This Week in Concord History

Aug. 6, 1728: A grant creates the Plantation of Suncook (an Indian term meaning “place of the goose” or “rocky place”). Massachusetts grants the land to the 47 soldiers and survivors of an Indian-hunting expedition to the north known as Lovewell’s War. Francis Doyen of Penacook, one of Lovewell’s soldiers, is believed to have been the first white settler.

Aug. 6, 2000: About 20 people gather along the Merrimack River near Concord’s Loudon Road to pray for a world without a nuclear threat. Marking the 55th anniversary of the bombing of Hiroshima, the peace activists toss flowers into the water.

Aug. 7, 2001: The Concord Baseball Association announces that Pete Dupuis has been named the general manager of the Concord Quarry Dogs for the 2002 season. Dupuis was the assistant general manager under Warren Doane, who passed away earlier this year.

Aug. 8, 1861: The Democratic Standard, a Concord newspaper with Southern sympathies, refers to the Union Army as “Old Abe’s Mob.” When angry returned soldiers from the First New Hampshire Volunteers gather outside the Standard office, the paper’s frightened proprietors stand in the windows, pistols in hand. The owners fire three shots in the melee that follows, but no one is injured. The mob burns some of the Standard’s property and dumps its type cases in the street.

Aug. 8, 1974: As news of the impending resignation of President Richard Nixon sweeps the nation, the Monitor interviews people in the streets of Concord. “I feel a tremendous sense of renewal for the American system,” St. Paul’s School English teacher Richard Lederer tells a reporter. The president announces his resignation in a televised speech, and Vice President Gerald Ford assumes the presidency.

Aug. 8, 2001: The police believe an early morning robbery of the Main Street Cumberland Farms may be connected to recent holdups in Manchester, Bedford and Hooksett, investigators say. “We’re thinking that these may be related,” Manchester Police Sgt. Hames Kinney says. “There are similarities.”

Aug. 9, 1746: A band of 50 to 100 natives invades Rumford (Concord), but the natives will be scared off the next morning by 30 armed guards who escort church-goers back to their garrisons.

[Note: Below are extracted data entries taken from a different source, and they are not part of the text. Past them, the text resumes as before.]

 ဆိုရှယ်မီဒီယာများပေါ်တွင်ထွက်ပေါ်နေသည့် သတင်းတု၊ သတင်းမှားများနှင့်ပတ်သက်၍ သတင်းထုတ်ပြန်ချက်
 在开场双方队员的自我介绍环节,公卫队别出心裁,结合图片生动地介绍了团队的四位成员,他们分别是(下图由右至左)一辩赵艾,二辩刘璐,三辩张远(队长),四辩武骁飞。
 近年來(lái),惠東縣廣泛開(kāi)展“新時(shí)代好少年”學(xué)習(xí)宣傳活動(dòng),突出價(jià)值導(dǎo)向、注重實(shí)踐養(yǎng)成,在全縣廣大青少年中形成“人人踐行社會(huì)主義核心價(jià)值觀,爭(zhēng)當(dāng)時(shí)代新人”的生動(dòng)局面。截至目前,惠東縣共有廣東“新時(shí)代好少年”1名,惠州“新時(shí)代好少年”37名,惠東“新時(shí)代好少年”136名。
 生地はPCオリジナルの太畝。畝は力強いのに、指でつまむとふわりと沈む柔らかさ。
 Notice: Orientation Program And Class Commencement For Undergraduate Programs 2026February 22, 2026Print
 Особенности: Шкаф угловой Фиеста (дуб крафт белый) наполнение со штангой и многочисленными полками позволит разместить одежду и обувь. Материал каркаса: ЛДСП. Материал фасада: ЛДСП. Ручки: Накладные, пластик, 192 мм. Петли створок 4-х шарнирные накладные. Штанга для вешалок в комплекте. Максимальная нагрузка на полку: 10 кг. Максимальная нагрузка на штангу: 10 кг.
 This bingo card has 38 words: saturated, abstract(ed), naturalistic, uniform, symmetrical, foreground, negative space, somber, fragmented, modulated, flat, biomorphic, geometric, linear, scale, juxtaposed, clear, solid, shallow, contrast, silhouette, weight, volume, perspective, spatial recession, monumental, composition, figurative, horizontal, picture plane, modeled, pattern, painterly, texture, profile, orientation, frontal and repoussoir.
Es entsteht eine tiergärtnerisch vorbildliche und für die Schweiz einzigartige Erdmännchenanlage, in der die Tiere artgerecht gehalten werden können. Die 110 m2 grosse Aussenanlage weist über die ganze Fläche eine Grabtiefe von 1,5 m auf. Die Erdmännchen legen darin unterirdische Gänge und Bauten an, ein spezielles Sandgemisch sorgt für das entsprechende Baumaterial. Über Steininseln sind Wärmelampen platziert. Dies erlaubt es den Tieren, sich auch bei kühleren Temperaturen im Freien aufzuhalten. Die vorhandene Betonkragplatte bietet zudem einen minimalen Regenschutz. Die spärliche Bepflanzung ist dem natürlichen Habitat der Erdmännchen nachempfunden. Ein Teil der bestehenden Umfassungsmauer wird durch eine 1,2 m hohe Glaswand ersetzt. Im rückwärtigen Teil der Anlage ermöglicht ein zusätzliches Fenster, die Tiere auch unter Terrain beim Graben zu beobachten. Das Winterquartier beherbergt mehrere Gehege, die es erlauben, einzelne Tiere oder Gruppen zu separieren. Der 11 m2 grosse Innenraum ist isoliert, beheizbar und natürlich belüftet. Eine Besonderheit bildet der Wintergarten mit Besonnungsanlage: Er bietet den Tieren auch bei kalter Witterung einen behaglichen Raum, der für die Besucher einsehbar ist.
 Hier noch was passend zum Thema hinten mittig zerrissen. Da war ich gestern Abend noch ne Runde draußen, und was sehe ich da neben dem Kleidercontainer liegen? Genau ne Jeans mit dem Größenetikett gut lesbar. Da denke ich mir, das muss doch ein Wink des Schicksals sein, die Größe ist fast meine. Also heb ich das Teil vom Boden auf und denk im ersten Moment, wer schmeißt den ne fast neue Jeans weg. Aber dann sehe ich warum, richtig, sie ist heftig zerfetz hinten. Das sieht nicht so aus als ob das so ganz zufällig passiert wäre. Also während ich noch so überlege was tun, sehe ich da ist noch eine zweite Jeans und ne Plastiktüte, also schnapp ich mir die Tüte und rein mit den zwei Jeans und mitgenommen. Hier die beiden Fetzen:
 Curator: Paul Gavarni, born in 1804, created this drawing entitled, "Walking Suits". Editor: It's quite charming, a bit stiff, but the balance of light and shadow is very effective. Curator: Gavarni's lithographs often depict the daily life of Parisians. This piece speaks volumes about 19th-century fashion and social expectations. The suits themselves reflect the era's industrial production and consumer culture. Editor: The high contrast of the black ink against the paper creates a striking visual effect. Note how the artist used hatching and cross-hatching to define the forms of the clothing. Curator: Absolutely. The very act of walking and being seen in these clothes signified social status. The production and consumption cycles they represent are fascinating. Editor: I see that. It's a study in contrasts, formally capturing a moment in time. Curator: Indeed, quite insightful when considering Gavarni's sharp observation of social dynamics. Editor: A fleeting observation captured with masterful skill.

Aug. 9, 1887: A warehouse is damaged by fire in downtown Concord. “The losses were not heavy, but the fire was a memorable one form the fact that so many boys were injured in jumping from the windows,” the New Hampshire Patriot reports.

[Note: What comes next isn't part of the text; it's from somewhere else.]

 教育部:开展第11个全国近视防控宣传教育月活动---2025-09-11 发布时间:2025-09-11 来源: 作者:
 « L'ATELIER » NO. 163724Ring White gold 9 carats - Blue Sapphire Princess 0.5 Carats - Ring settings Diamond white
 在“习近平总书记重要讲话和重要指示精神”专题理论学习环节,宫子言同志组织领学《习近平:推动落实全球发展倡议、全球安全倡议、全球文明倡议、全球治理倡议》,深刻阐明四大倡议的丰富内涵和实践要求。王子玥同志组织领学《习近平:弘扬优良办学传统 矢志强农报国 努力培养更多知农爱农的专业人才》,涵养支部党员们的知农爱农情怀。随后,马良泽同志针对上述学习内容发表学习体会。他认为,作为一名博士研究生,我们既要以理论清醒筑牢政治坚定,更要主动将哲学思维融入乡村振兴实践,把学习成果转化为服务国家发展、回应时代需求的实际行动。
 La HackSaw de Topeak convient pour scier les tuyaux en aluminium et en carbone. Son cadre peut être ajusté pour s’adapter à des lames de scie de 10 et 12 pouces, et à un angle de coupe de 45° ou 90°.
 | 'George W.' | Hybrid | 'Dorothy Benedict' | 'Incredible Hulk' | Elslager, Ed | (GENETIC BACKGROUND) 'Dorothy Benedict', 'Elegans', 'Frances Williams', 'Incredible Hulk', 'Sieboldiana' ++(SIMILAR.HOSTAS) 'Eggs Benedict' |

Aug. 9, 1903: Omer T. Lassonde is born in Concord. An artist, he will be federal arts director of the WPA in New Hampshire during the Depression. The subjects of his many portraits will include U.S. Sen. Styles Bridges, Gov. John G. Winant and the King of Samoa.

Aug. 9, 2003: Concord’s Little Blue takes a 13-6 loss to Bakersfield in the 16-year-old Babe Ruth World Series in Jamestown, N.Y.

Aug. 10, 1987: Owners of the Ramada Inn on Main Street in Concord get city permission to build over Storrs Street. “The building that is there right now is, quite frankly, ugly. But what you see there now is not what you’ll get,” says lawyer Ray D’Amante. The plan never happens.

Aug. 11, 1746: Thirty or 40 natives attack a seven-man military party in Rumford (Concord) near the current site of Concord Hospital. The natives kill five men outright – Samuel and Jonathan Bradley, Obadiah Peters, John Bean and John Lufkin – and strip and mutilate their bodies. Alexander Roberts and William Stickney are captured. The dead are brought to town in a cart and buried immediately.

Aug. 11, 2003: The Concord City Council strikes a deal with Portsmouth developer Michael Simchik to give both the Sears Block and the Penacook tannery some much-needed TLC. Simchik will spend about $10 million to design and build a six-story building full of offices, stores and apartments on the site of the former Sears Block downtown. The city will spend about $5 million on a parking garage with at least 330 spaces adjacent to the new building.

Aug. 12, 1927: In the Hall of Flags at the State House, a bronze plaque is unveiled honoring Walter Kittredge of Merrimack, who wrote one of the most popular songs of the Civil War, “Tenting Tonight on the Old Campground.” A Boston publisher originally declined to pay Kittredge $15 for the song but, to his great fortune, changed his mind. The end of the war was only the beginning of the song’s popularity. It was a staple at Grand Army of the Republic reunions well into the 20th century. Kittredge himself sang it before huge veterans’ conventions in Chicago and Philadelphia. Ironically, Kittredge was no veteran; though drafted during the war, he was unable to serve because of a disability.